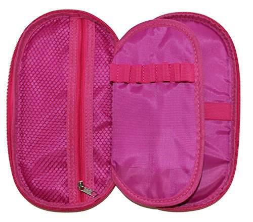 Inkology Oval Glitter Multi Compartment Pencil Pouch with Carabineer Clip, 9 x 5 Inches, Purple, 416-5
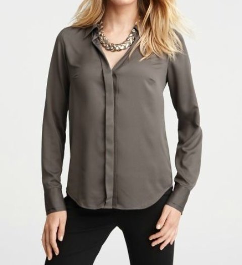 {Ann Taylor - Overlapping Placket Long Sleeve Blouse}
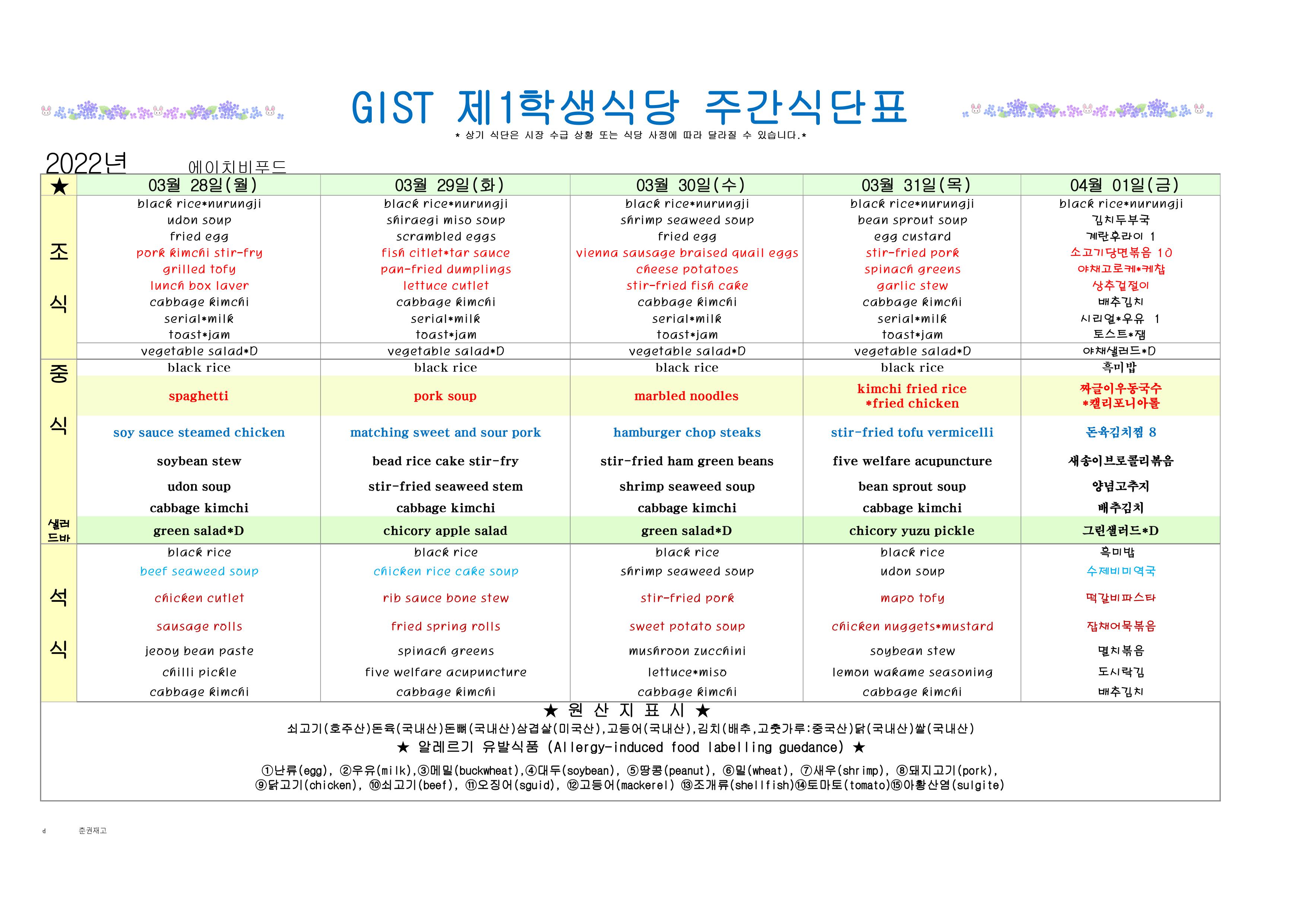 2022년3월5째주메뉴(3월28일~4월1일)
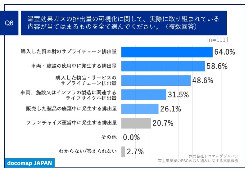 「Q6.温室効果ガスの排出量の可視化に関して、実際に取り組まれている内容が当てはまるものを全て選んでください。(複数回答)」(n=111)と質問したところ、「購入した資本財のサプライチェーン排出量」が64.0%、「車両・施設の使用中に発生する排出量」が58.6%、「購入した物品・サービスのサプライチェーン排出量」が48.6%という回答となりました。
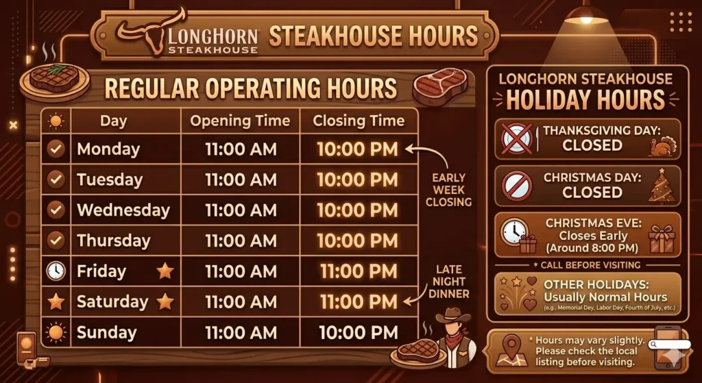 Longhorn Steakhouse usually opens at 11:00 AM and closes at 10:00 PM from Sunday to Thursday. But on Friday and Saturday, it stays open until 11:00 PM to serve late dinner guests. Hours may vary slightly, so it’s a good idea to check the local restaurant listing before visiting. But most commonly, hours are the same as mentioned below.
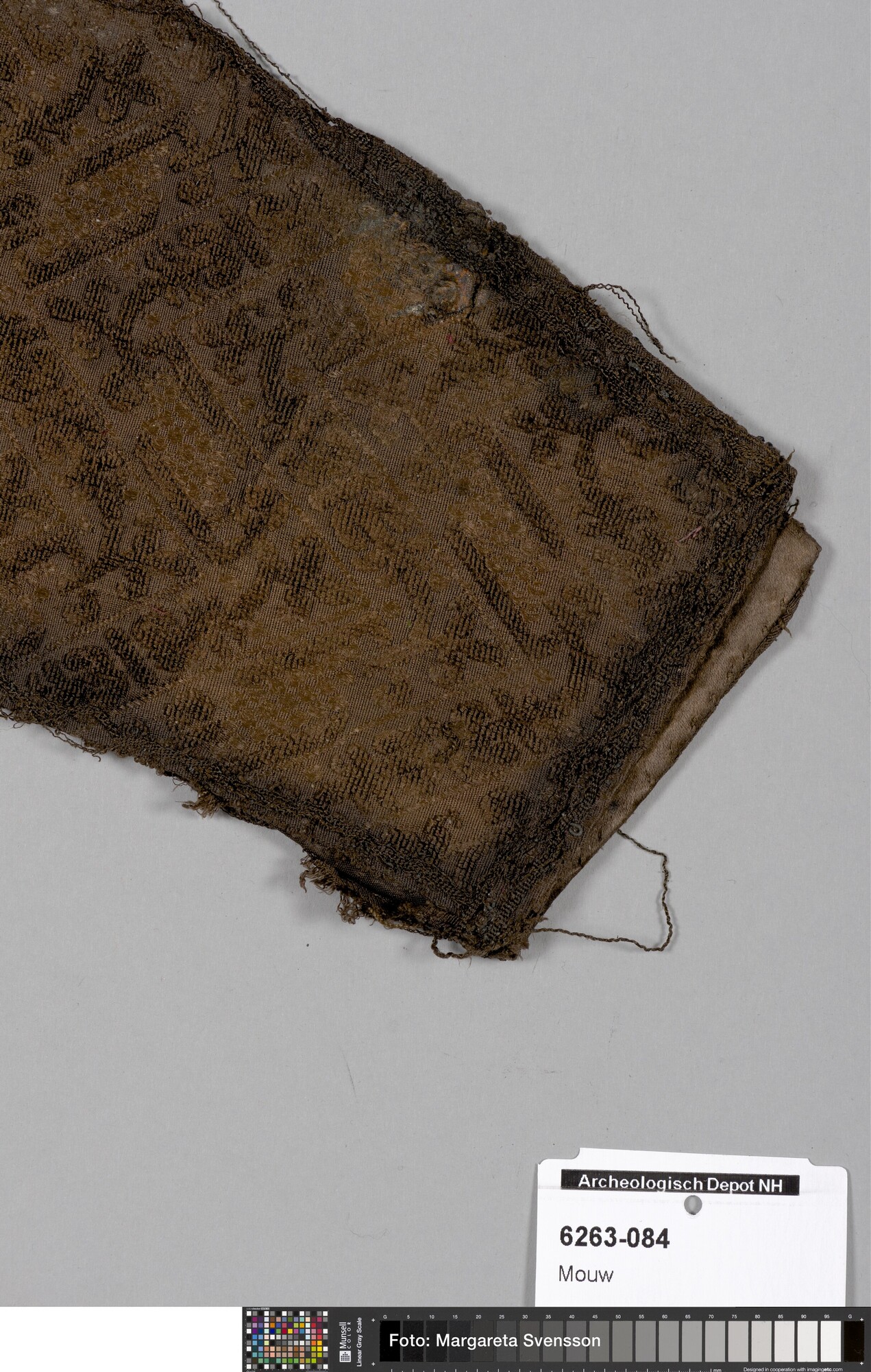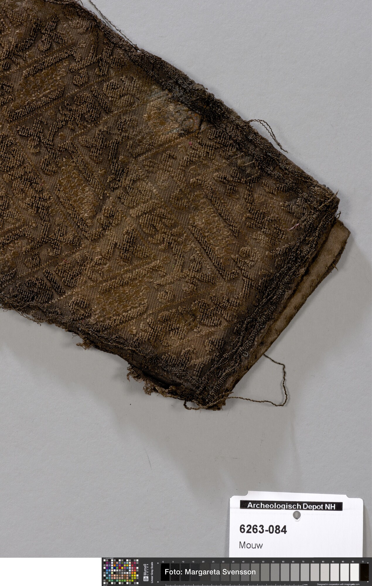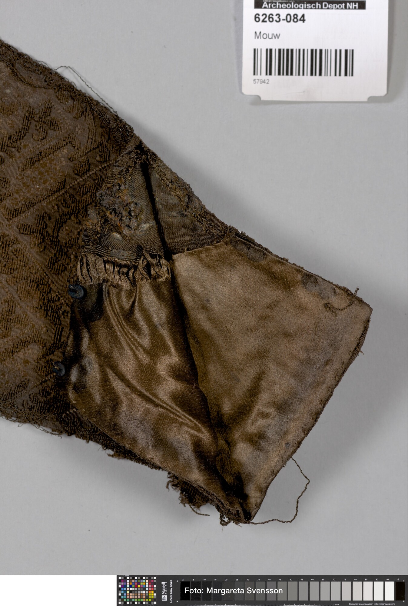 Mouw (L) onderarm; gestileerd floraal motief in zigzagpatroon, lussenpool; ciselé fluweel; haakjes
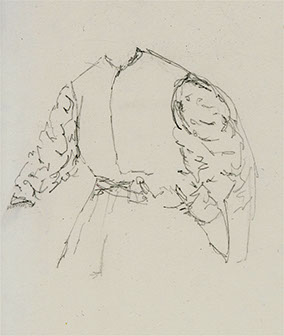 Nous allons maintenant nous pencher sur le costume du personnage. Il est composé d’un veston aux longues manches tombant dans le dos du personnage, sous lequel se trouve un autre vêtement aux manches bouffantes, le dernier élément est une culotte elle aussi bouffante. Nous pouvons également distinguer les sous-vêtements raffinés en dentelle, dépassant sur les poignets et le cou.
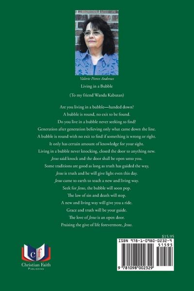 Living in a Bubble (To my friend Wanda Kabutan) Are you living in a bubble-handed down? A bubble is round, no exit to be found. Do you live in a bubble never seeking to find? Generation after generation believing only what came down the line. A bubble is round with no exit to find if something is wrong or right. It only has certain amount of knowledge for your sight. Living in a bubble never knocking, closed the door to anything new. Jesus said knock and the door shall be open unto you. Some traditions are good as long as truth has guided the way, Jesus is truth and he will give light even this day. Jesus came to earth to teach a new and living way. Seek for Jesus, the bubble will soon pop. The law of sin and death will stop. A new and living way will give you a ride. Grace and truth will be your guide. The love of Jesus is an open door. Praising the give of life forevermore, Jesus.
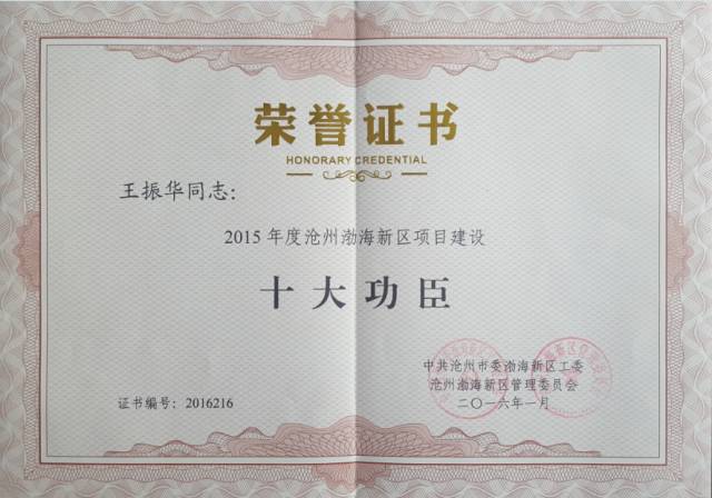 集團董事長王振華同志獲得“2015年度滄州渤海新區項目建設十大功臣”榮譽稱號,榮譽的獲得,是河北中捷石化集團引領新區經濟發展,助跑園區經濟增長,促進園區經濟穩定的又一見證,榮譽的背后,也是新區政府對集團經濟發展、項目建設的高度肯定,為集團在以后的發展道路上獲得政策支持提供了有力保障。河北中捷石化集團的發展道路將愈發寬廣,繼續為地方經濟的騰飛保駕護航!

__________________________________________________

What you give back should be exactly the lines from the line holding "Living in a Bubble (To" through the final line of the material, both ends included, and please leave out the pictures.

## WRITTEN ANSWER
 Living in a Bubble (To my friend Wanda Kabutan) Are you living in a bubble-handed down? A bubble is round, no exit to be found. Do you live in a bubble never seeking to find? Generation after generation believing only what came down the line. A bubble is round with no exit to find if something is wrong or right. It only has certain amount of knowledge for your sight. Living in a bubble never knocking, closed the door to anything new. Jesus said knock and the door shall be open unto you. Some traditions are good as long as truth has guided the way, Jesus is truth and he will give light even this day. Jesus came to earth to teach a new and living way. Seek for Jesus, the bubble will soon pop. The law of sin and death will stop. A new and living way will give you a ride. Grace and truth will be your guide. The love of Jesus is an open door. Praising the give of life forevermore, Jesus.
 集團董事長王振華同志獲得“2015年度滄州渤海新區項目建設十大功臣”榮譽稱號,榮譽的獲得,是河北中捷石化集團引領新區經濟發展,助跑園區經濟增長,促進園區經濟穩定的又一見證,榮譽的背后,也是新區政府對集團經濟發展、項目建設的高度肯定,為集團在以后的發展道路上獲得政策支持提供了有力保障。河北中捷石化集團的發展道路將愈發寬廣,繼續為地方經濟的騰飛保駕護航!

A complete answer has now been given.